Data supplied »

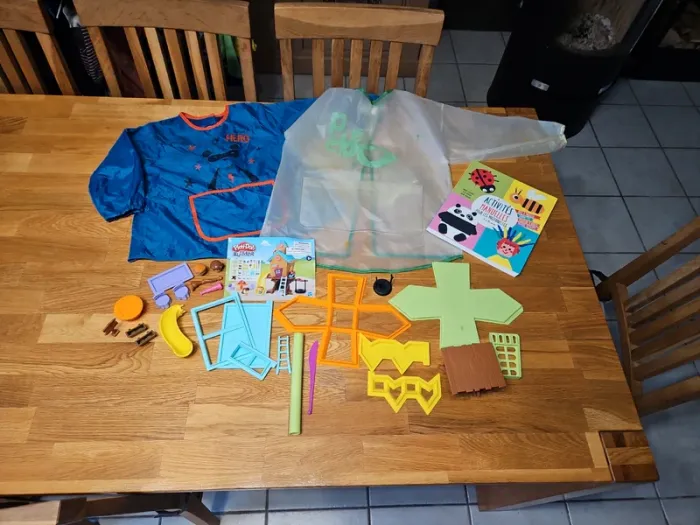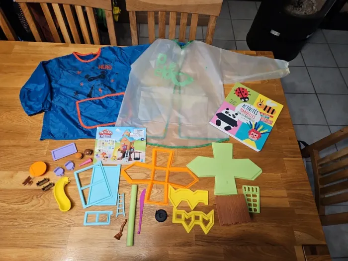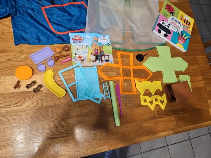 - 1 jeu de pâte à modeler avec différents accessoires pour construire un petite maison (play-Doh Builder) complet.
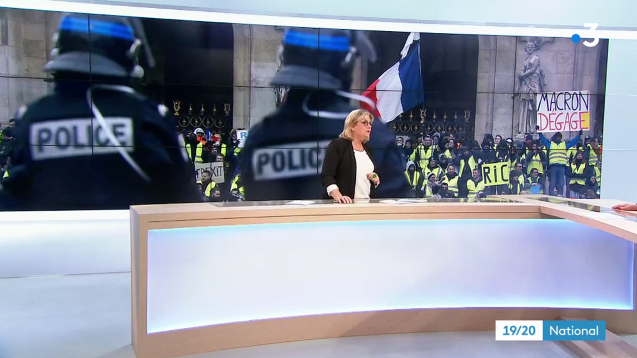 "Nous tenions à vous présenter nos excuses, hier dans le 19/20 une erreur humaine a conduit à la diffusion d'une photo tronquée, voici cette image derrière moi telle qu'elle a été prise par un photographe, nous vous devions cette explication au regard de la confiance que vous nous accordez"
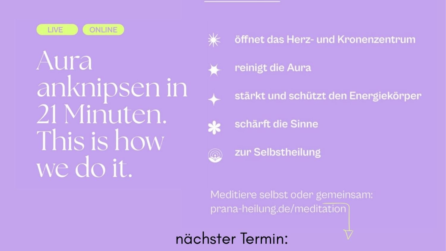 Aufs Meditationskissen setzen, Augen schließen und in Glückseligkeit baden. Stellst auch du dir so Meditation vor? Die Realität sieht oft anders aus. Warum? Weil Meditation nichts ist, was man willentlich herbeiführen oder tun kann. Es ist ganz und gar das Gegenteil von tun, nämlich loslassen und sein. Je verkrampfter du versuchst zu meditieren, desto weiter entfernt ist der ersehnte innere Frieden. Aber was kannst du nun tun, wenn du Meditation nicht tun kannst? Du kannst die optimalen Bedingungen erschaffen, dass sich meditative Zustände von alleine einstellen. Wie? Das üben wir gemeinsam. Und ganz nebenbei
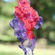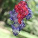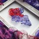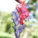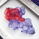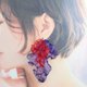 Art pierced earrings that express complex and beautiful colors by layering bright and transparent red and purple organdy fabrics.
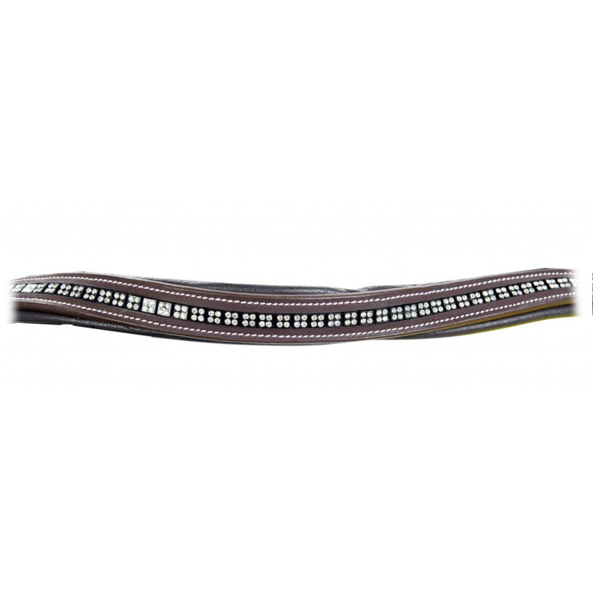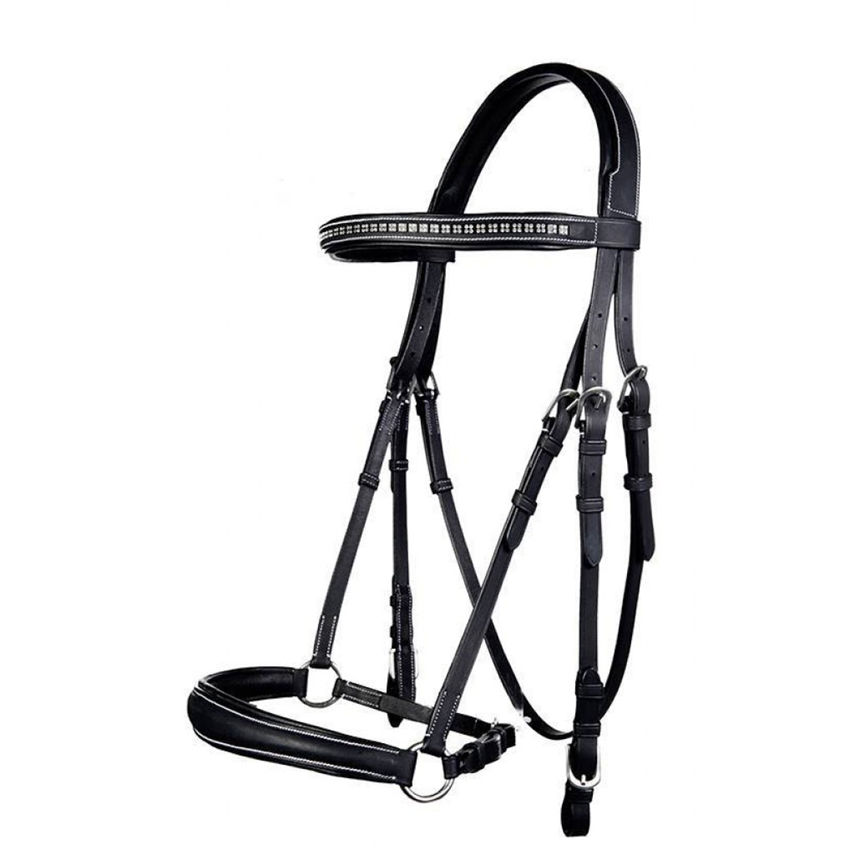 Оголовье из высококачественной натуральной кожи (Leather Bridle) с чешским капсюлем и контрастной отстрочкой. Налобный ремень украшен стразами. Мягкие подложки на капсюле, налобном и затылочном ремнях делает уздечку комфортной даже для чувствительных лошадей. В комплекте с уздечкой идет тесьмяный повод с ограничителями и нашивками против скольжения. Кожа высокого качества и крепкая фурнитура обеспечат долгую службу уздечки. Трензель в комплект не входит.

What you should do » Output a faithful copy of the data, with each picture left out.

Answer for this exercise »
 - 1 jeu de pâte à modeler avec différents accessoires pour construire un petite maison (play-Doh Builder) complet.
 "Nous tenions à vous présenter nos excuses, hier dans le 19/20 une erreur humaine a conduit à la diffusion d'une photo tronquée, voici cette image derrière moi telle qu'elle a été prise par un photographe, nous vous devions cette explication au regard de la confiance que vous nous accordez"
 Aufs Meditationskissen setzen, Augen schließen und in Glückseligkeit baden. Stellst auch du dir so Meditation vor? Die Realität sieht oft anders aus. Warum? Weil Meditation nichts ist, was man willentlich herbeiführen oder tun kann. Es ist ganz und gar das Gegenteil von tun, nämlich loslassen und sein. Je verkrampfter du versuchst zu meditieren, desto weiter entfernt ist der ersehnte innere Frieden. Aber was kannst du nun tun, wenn du Meditation nicht tun kannst? Du kannst die optimalen Bedingungen erschaffen, dass sich meditative Zustände von alleine einstellen. Wie? Das üben wir gemeinsam. Und ganz nebenbei
 Art pierced earrings that express complex and beautiful colors by layering bright and transparent red and purple organdy fabrics.
 Оголовье из высококачественной натуральной кожи (Leather Bridle) с чешским капсюлем и контрастной отстрочкой. Налобный ремень украшен стразами. Мягкие подложки на капсюле, налобном и затылочном ремнях делает уздечку комфортной даже для чувствительных лошадей. В комплекте с уздечкой идет тесьмяный повод с ограничителями и нашивками против скольжения. Кожа высокого качества и крепкая фурнитура обеспечат долгую службу уздечки. Трензель в комплект не входит.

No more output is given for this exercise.